The Company and its directors, executive officers, and certain other members of its management and employees may be deemed to be participants in the solicitation of proxies from its stockholders in connection with the proposed merger, information regarding the interests of such directors and executive officers was included in the Company's [Form 10-KSB for the fiscal year ended September 30, 2006], and information concerning all of the Company's participants in the solicitation will be included in the proxy statement relating to the proposed merger when it becomes available. Each of these documents is, or will be, available free of charge at the Securities and Exchange Commission's web site at www.sec.gov and from the Company by directing such request to, if by mail, Analytical Surveys, Inc., Attn: Investor Relations, 8610 North New Braunfels, Suite 205, San Antonio, Texas 78217, (210) 657-1500.

 
Item 9.01.    Financial Statements and Exhibits 
  
(c) Exhibits

2.1 Agreement and Plan of Merger dated March 22, 2007, by and among Analytical Surveys, Inc, ANLT Acquisition Sub, Ecowood, Inc, and the Shareholders of Ecowood, Inc., as amended.

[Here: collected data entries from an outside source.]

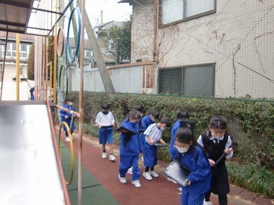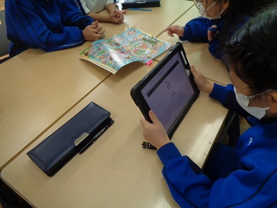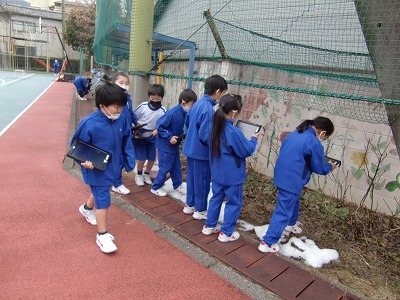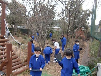 まずは、タブレットを持って運動場へ行き、ロゼットを探して写真を撮りました。その後、教室へ戻って、どんなお花が咲くのかをタブレットを使って調べました。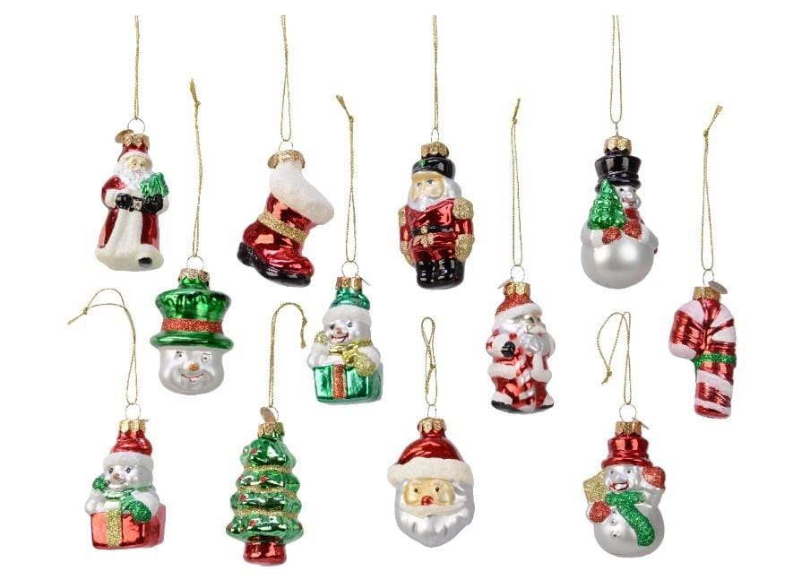 Set van 12 mini kerstballen: Verschillende klassieke kerstfiguren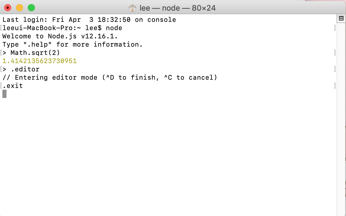 3. Node.js의 대화형 모드 (REPL)로 실행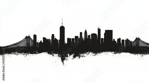 © AiPhotoSale, Naklejka premium Dramatic black silhouette of a city skyline with bridges, resting above a textured, dark smudge effect. Modern and striking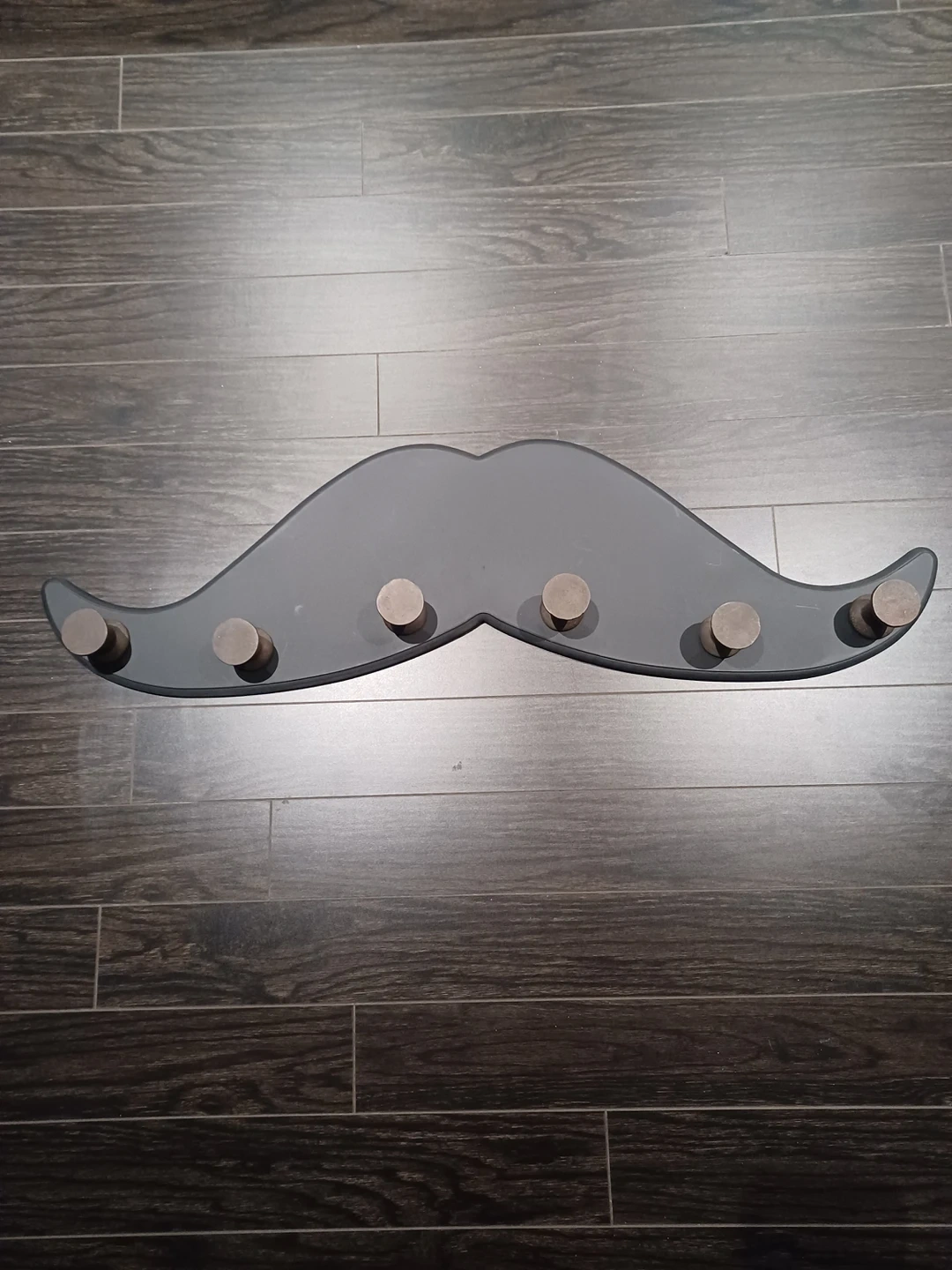 Modern mustache shaped wall decor/hanger. Wood material. Great for entryway to hang jackets, hats, etc. In excellent condition from a pet-free, smoke-free home.

99.1 Press Release issued by the Company dated March 19, 2007.

 
 

  
Signature(s)
 
Pursuant to the requirements of the Securities Exchange Act of 1934, the registrant has duly caused this report to be signed on its behalf by the undersigned hereunto duly authorized.
 
     
  ANALYTICAL SURVEYS, INC.
 
 
 
 
 
 
Date:  March 22, 2007 By:   /s/  Lori Jones
 
 Lori Jones
  Title CEO
 

  
Exhibit Index
 
Exhibit No. 
  
Description 
EX 2.1 
  
Agreement and Plan of Merger dated March 22, 2007, by and among Analytical Surveys, Inc, ANLT Acquisition Sub, Ecowood, Inc, and the Shareholders of Ecowood, Inc., as amended.